• [BRIEF]
Your copy should hold exactly the lines from the beginning of the listing below through the line with "Poszewka Babciu żyj", without any pictures.

• [SUPPLIED RECORDS]
____

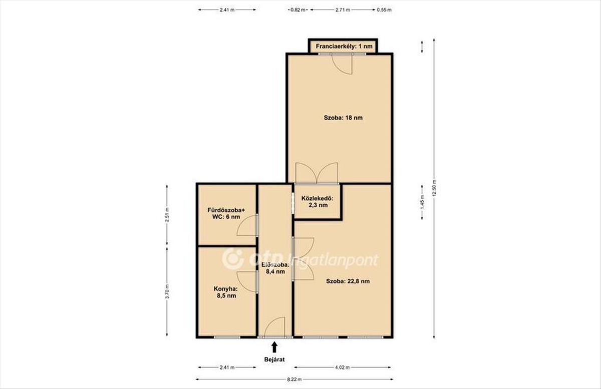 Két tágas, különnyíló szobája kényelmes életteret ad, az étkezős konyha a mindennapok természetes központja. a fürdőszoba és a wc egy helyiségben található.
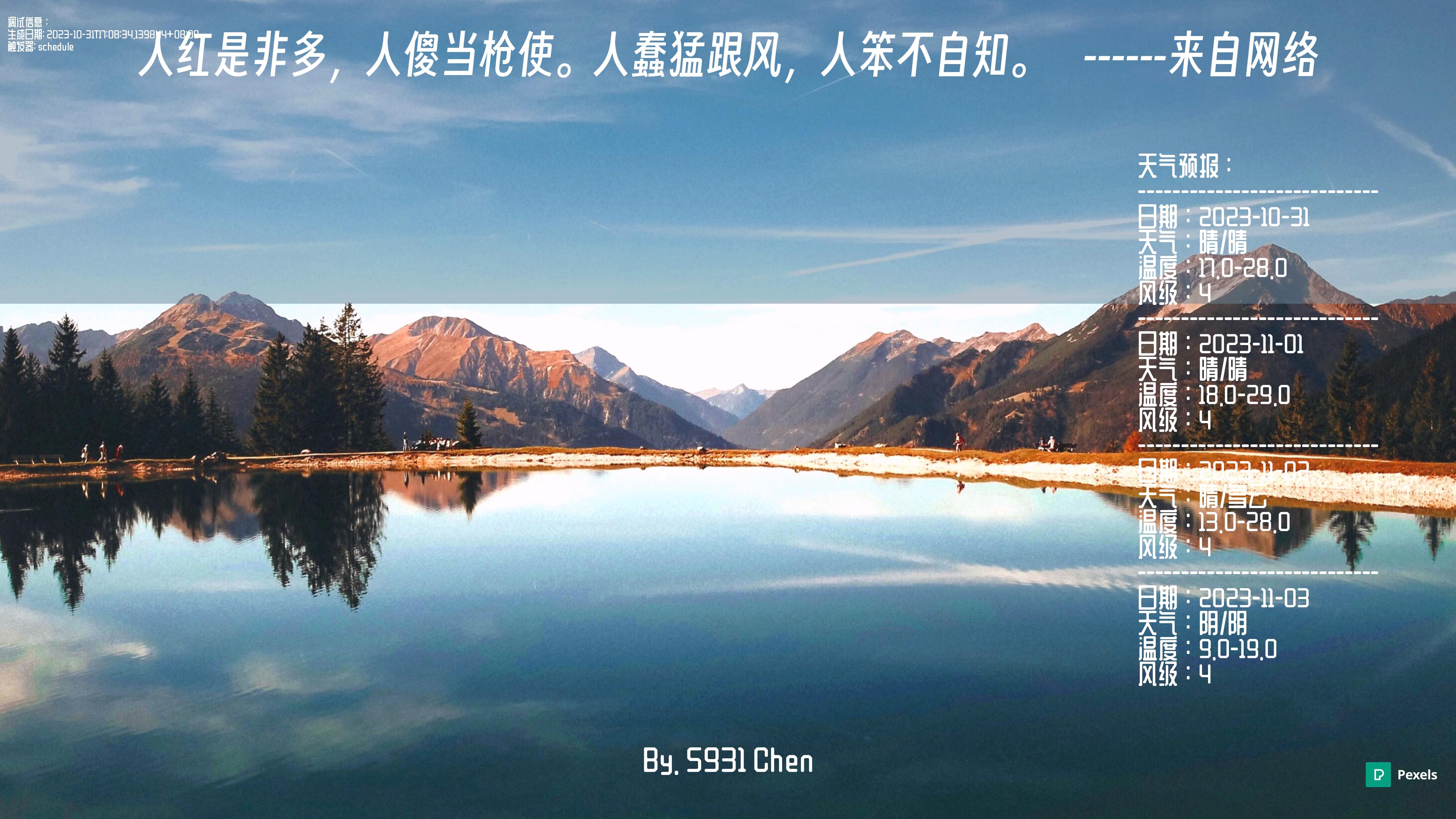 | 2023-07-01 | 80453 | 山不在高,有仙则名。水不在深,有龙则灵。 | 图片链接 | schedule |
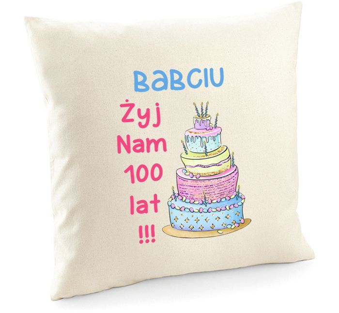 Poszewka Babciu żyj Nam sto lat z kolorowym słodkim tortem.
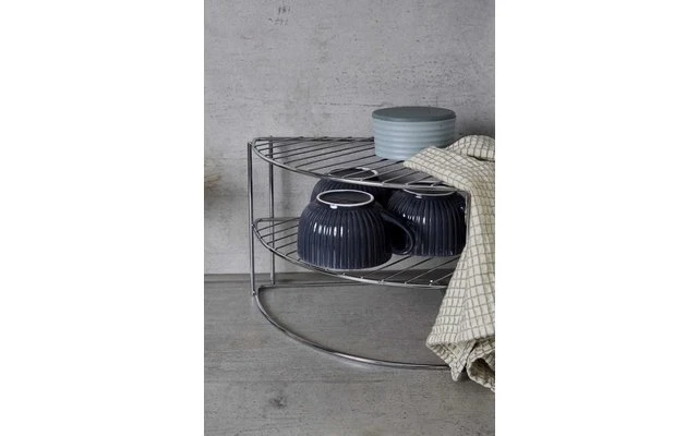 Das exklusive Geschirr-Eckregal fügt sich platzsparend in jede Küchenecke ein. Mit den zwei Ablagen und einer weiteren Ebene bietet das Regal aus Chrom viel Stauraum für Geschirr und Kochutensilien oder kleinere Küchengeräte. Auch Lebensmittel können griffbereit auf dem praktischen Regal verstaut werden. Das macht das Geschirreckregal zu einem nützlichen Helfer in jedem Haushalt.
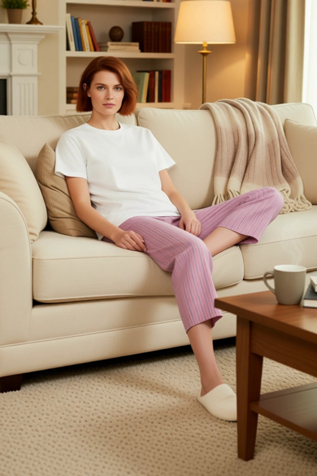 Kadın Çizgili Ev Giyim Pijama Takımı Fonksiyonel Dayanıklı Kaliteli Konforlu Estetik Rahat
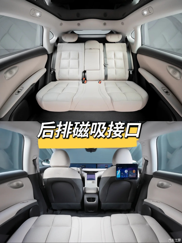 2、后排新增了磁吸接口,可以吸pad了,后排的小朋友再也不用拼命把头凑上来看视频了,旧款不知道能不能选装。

____

• [RESPONSE]
 Két tágas, különnyíló szobája kényelmes életteret ad, az étkezős konyha a mindennapok természetes központja. a fürdőszoba és a wc egy helyiségben található.
 | 2023-07-01 | 80453 | 山不在高,有仙则名。水不在深,有龙则灵。 | 图片链接 | schedule |
 Poszewka Babciu żyj Nam sto lat z kolorowym słodkim tortem.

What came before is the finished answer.